As UK universities undergo unprecedented internationalisation, they struggle to shape a plethora of cultural and social capitals into an educational environment that is fair and equitable for all. ‘While academia has opened its doors, it has been unwilling or unable to dismantle the norms, networks, and practices that reproduce white, rich male privilege’ states Shilliam (Shilliam, 2014, p.15). With existing concepts of social justice proving adequate, lecturers seek new interpretative models of inclusivity.

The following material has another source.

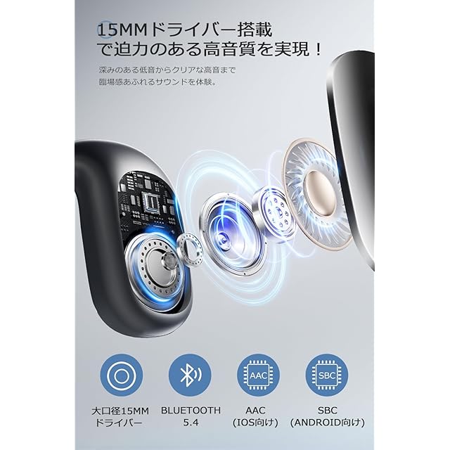 【15mmドライバー搭載&ノイズキャンセリングで高音質と通話を両立】 迫力あるサウンドを実現する15mmの大口径ドライバーを搭載。低音はしっかり重く、高音はクリアで伸びやか。ジャンルを問わず、音楽を臨場感たっぷりに再生します。通話面ではCVC8.0ノイズキャンセリングに対応しており、騒がしい場所でもクリアな音声を維持。ハンズフリー通話にも対応し、耳を塞がないイヤホンとしてスマホに触れず通話が可能。仕事中の会議や、オンライン授業、移動中の通話にも最適なBluetooth イヤホン。オープンイヤーイヤフォンならではの自然な聞こえと、ワイヤレスイヤホンとしての性能を両立しています。

In teaching MA Fine Art, Illustration and Drawing, communities of practice are facilitated through discussion, collaboration and engagement between students of differing backgrounds, nationalities, life experiences and neurodiversity. Critical reflection and experiential learning are deeply embedded in these courses and their assessment. The documents that result, support and narrate an individual’s developmental journey, whilst contextualising the self within wider discourses and debates. Reviewing these textual and visual outputs in the context of unconscious gender bias, led me to consider the trajectory of autobiography in terms of diversity.
This article is a launchpad for further enquiry. It questions whether present-day assessments somehow mirror the patriarchal attributes of men’s autobiographies that traditionally focused on power, success and achievement within the public realm. It also examines the more personal, introspective modes of women’s day-to-day self-referential writings for more useful approaches. Perhaps the memoirs, house-keeping records, correspondence and diaries representing women’s real-life narratives have specific relevance to students reflecting and analysing their progress. Feminist artists strategically constructed autobiographies to accentuate the issues women faced. Maybe students could appropriate these methodologies to re-imagine, re-present and rewrite their learning experiences. Autobiography encompasses the subjective, embodied and relational complexities of memory, narrative, creativity, identity, experience and intentionality (Smith & Watson, 2012, p.8). Given these characteristics, the genre arguably demands more consideration in art education.